The Rose Code by Kate Quinn is a marvellous historical novel that blends fact and fiction. It consumed me from the start.

The action alternates between November 1947 just before the Royal Wedding and the war years, mainly at Bletchley Park. The reader learns that there has been a severe miscarriage of justice, as the novel progresses we see the roads that led there.

Bletchley Park was a place of secrets. The people who worked there had to learn to lie about their work or be guilty under the official secrets. It is against this background that three young women from differing walks of life meet and form a friendship. Bletchley Park was a unique place to work. Pockets of friendship groups sprung up supporting each other. It was a closed community and strong bonds were formed. These bonds would remain long after the war ended. If one of their own was in trouble, others dropped everything to offer support.
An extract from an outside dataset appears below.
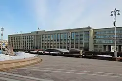 It stands behind a statue of Vladimir Lenin and is one of the few buildings that survived the Great Patriotic War.[11] It was built in 1934 and designed by Iosif Langbard.[11] It is one of the highest organs of state power in Belarus.[12] The Supreme Council is the continuation of the Supreme Soviet of the BSSR. It acts as the functioning parliament for Belarus.
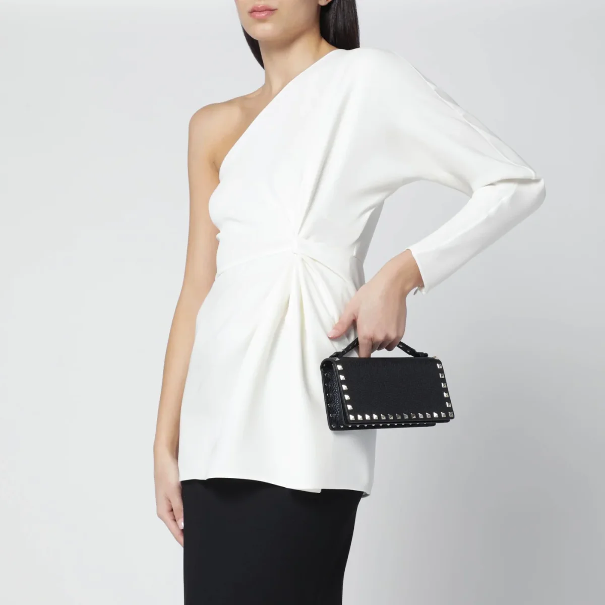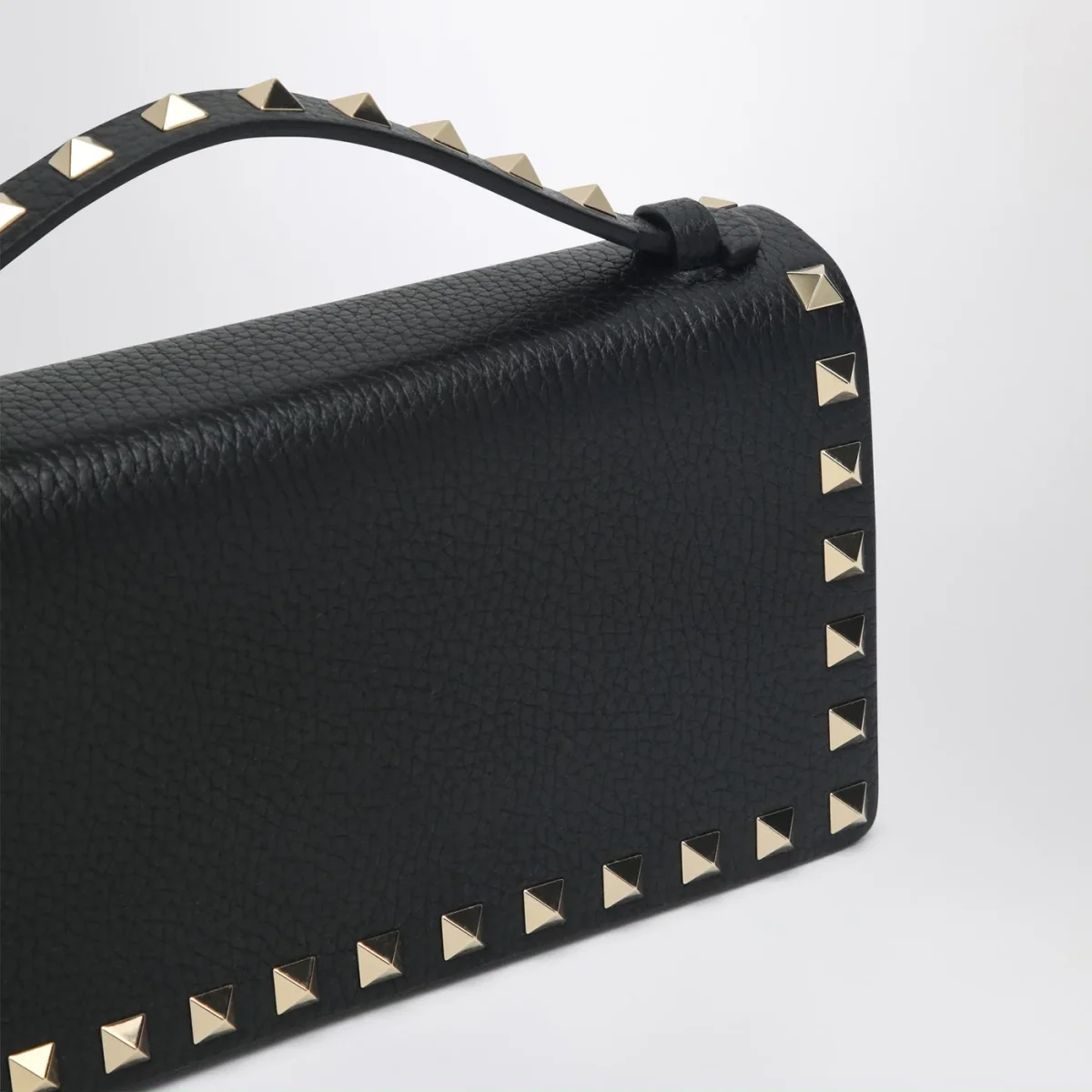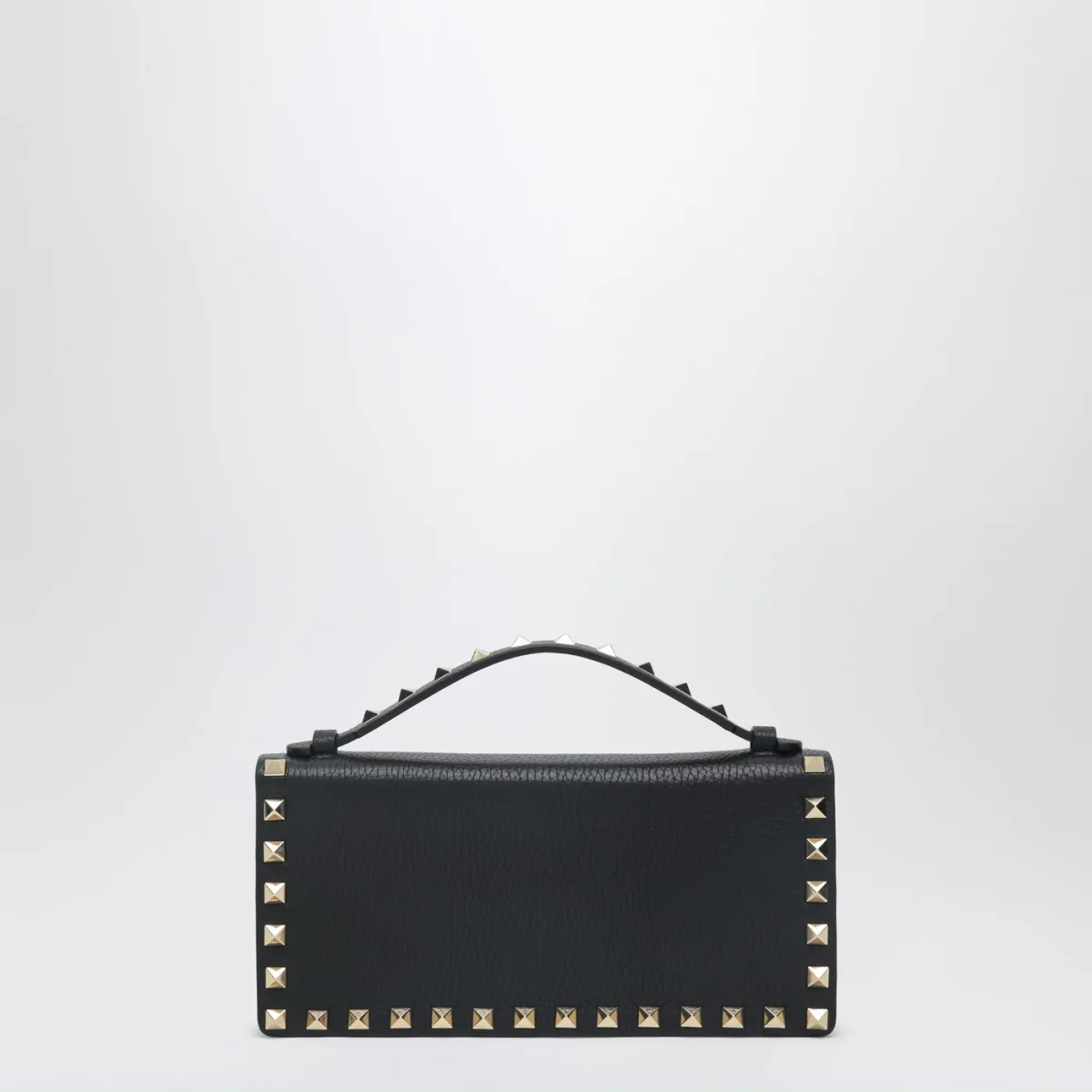 Portafoglio di Valentino Garavani in pelle nero• decorazione di borchie all over• tracolla a catena rimovibile• manico superiore• patta frontale con chiusura magnetica• uno scomparto interno• una tasca interna con zip

War is hard for all. Some are facing the enemy for the second time. The nightmares from World War I still loom large in a life. “I haven’t seen the world in full colour since I was sixteen years old and buried in mud at the front.” The battle scars never leave as the memories play on.

For some war is an escape from a severe home life where religion is used as a punishment. “[She] didn’t think God was nearly as severe as her mother made Him out to be.” People should never misrepresent God. God is love in contrast with those who used religious rules to scold and punish.

The reader witnesses the awful effects of the Blitz up and down the country. Loss cuts a character to the core. “Why did no one tell her how to keep living?” The loss is tangible. So heavily invested in the lives of the characters was I that I must admit I gasped out loud and was shocked by events. I, too, felt the loss.

A sanatorium is a terrible place to be. It was a place not just for the ill but a place where perfectly sane women could be locked up under the instructions of men, forever. We see a life abandoned because of the threat posed to criminal minds.

The Rose Code was an all-consuming read. It had a very familiar feel to it as there were real life names and situations. It was a powerful read that I could not put down.

I received this book for free. A favourable review was not required and all views expressed are my own.